Specific Circular RNA Signature of Endothelial Cells: Potential Implications in Vascular Pathophysiology

Abstract

Circular RNAs (circRNAs) are a recently characterized family of gene transcripts forming a covalently closed loop of single-stranded RNA. The extent of their potential for fine-tuning gene expression is still being discovered. Several studies have implicated certain circular RNAs in pathophysiological processes within vascular endothelial cells and cancer cells independently. However, to date, no comparative study of circular RNA expression in different types of endothelial cells has been performed and analysed through the lens of their central role in vascular physiology and pathology. In this work, we analysed publicly available and original RNA sequencing datasets from arterial, veinous, and lymphatic endothelial cells to identify common and distinct circRNA expression profiles. We identified 4713 distinct circRNAs in the compared endothelial cell types, 95% of which originated from exons. Interestingly, the results show that the expression profile of circular RNAs is much more specific to each cell type than linear RNAs, and therefore appears to be more suitable for distinguishing between them. As a result, we have discovered a specific circRNA signature for each given endothelial cell type. Furthermore, we identified a specific endothelial cell circRNA signature that is composed four circRNAs: circCARD6, circPLXNA2, circCASC15 and circEPHB4. These circular RNAs are produced by genes that are related to endothelial cell migration pathways and cancer progression. More detailed studies of their functions could lead to a better understanding of the mechanisms involved in physiological and pathological (lymph)angiogenesis and might open new ways to tackle tumour spread through the vascular system.

Keywords: (lymph)angiogenesis; circRNA; endothelial cell; gene signature.

Figure 1

Extended Landscapes of circRNAs in Endothelial Cells (ECs). (A) RNA sequencing data overview. Only circRNAs with 10 or more reads are accounted. (B) Number of distinct circRNAs sorted by genomic origin for each cell type (left) and the global proportion of exonic, intronic and intergenic circRNAs for all cell types combined (right). (C) Number of distinct circRNAs expressed per chromosome for each cell type. (D) Number of distinct circRNAs expressed per gene for each cell type.

Figure 2

The nature and abundance of circRNAs varies between ECs. (A) Different transcript read counts normalized by million (M) of total reads for each cell type. (B) CircRNAs, lncRNAs and mRNAs independent expression variance coefficient across all cell types or across ECs, and matched circRNA/linear RNA expression variance coefficient.
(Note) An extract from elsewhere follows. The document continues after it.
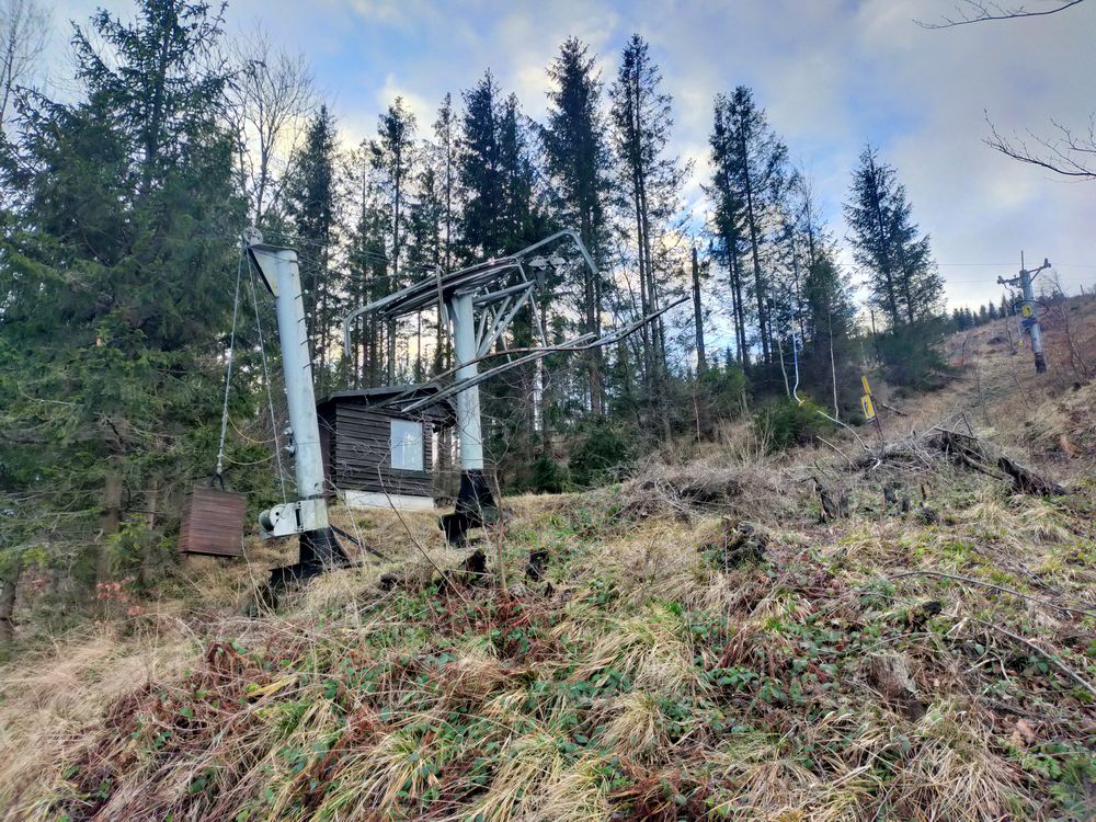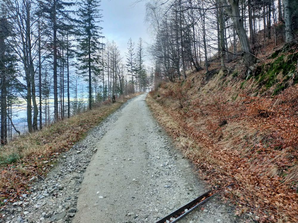 Szlak wiedzie drogą szutrową na sam szczyt. Jest niewymagający i pnie się w górę mniej lub bardziej stromo. Po około 15 minutach odsłania się dość daleki widok w stronę Polski i Słowacji. Doskonale widać kombinat huty w Trzyńcu. Następnie szlak przecina nieużytkowany (?) ratrak i wchodzi w las. Przed wejściem do lasu zauważyłem skrótkę biegnącą stromo z okolic schroniska w dół. Szlak prowadzący w lesie stawał się coraz bardziej zaśnieżony, a właściwie z pozostałościami białego puchu i lodu. Po około 20 minutach dotarłem do łącznika Javorovy (Gutskie Rozc.) 850 m. n p.m., gdzie krzyżuje się szlak niebieski z zielonym. Stąd lekko stromym podejściem za 10 minut dotarłem do przełączki między schroniskiem leżącym na tzw. Małym Jaworym a Jaworowym Wiechem.

Ordinary one-way ANOVA comparison p values are plotted on the graphs: * <0.05; **** <0.0001. (C) Density plot of circRNAs with expression variance over 0.75 and matched linear RNA variance from the same gene (red dotted rectangle). Density plot of linear RNAs with expression variance over 0.75 and matched circRNA variance from the same gene (blue dotted rectangle). (D) Circular on linear transcript read counts for circRNA-expressing genes (mean in white digits). All differences are significant by two-way ANOVA comparison.

Figure 3

circRNAs are better at distinguishing between ECs than mRNAs. (A) Heatmap representing expression levels for circRNA and matched linear RNA from the same gene, all noncoding RNAs and mRNAs. Relevant circRNA positions are indicated by black arrows. (B) Corresponding Pearson correlation matrixes. p values are presented in Supplementary Figure S4.

Figure 4

There are cell-type-specific circRNAs. (A) Venn diagram representing the comparison of the lists of circRNAs expressed in all ECs (left) and the crossing between non-EC circRNAs and the 28 circRNAs common to ECs. (B) Description of the four EC-specific circRNAs (top) and their linear counterpart (bottom), with the read count in each cell type and gene description. (C) Enrichr gene ontology analysis for EC-specific circRNAs.

Figure 5

Validation of specific circRNAs expression by RT-qPCR. (A) Heatmap representing RNAseq expression levels for selected circRNAs and corresponding qPCR quantifications. (B) Heatmap representing RNAseq expression levels for selected circRNA linear counterparts and corresponding qPCR quantifications. (C) Expression coefficient of variance for selected circRNAs and linear counterparts across cell types from RNAseq data and qPCR quantifications. T test comparisons p values are plotted: ** <0.01. ns: not significant.

Figure 6

RNase R treatment validation of EC-specific circRNAs. (A) Quantification of circRNAs that are common to all cell types and their linear counterparts via RT-qPCR following RNase R treatment. The results are normalized using the untreated control for each transcript. (B) Quantification of cell-type-specific circRNAs and their linear counterparts via RT-qPCR following RNase R treatment. The results are normalized using the untreated control for each transcript. The experiment was repeated twice independently.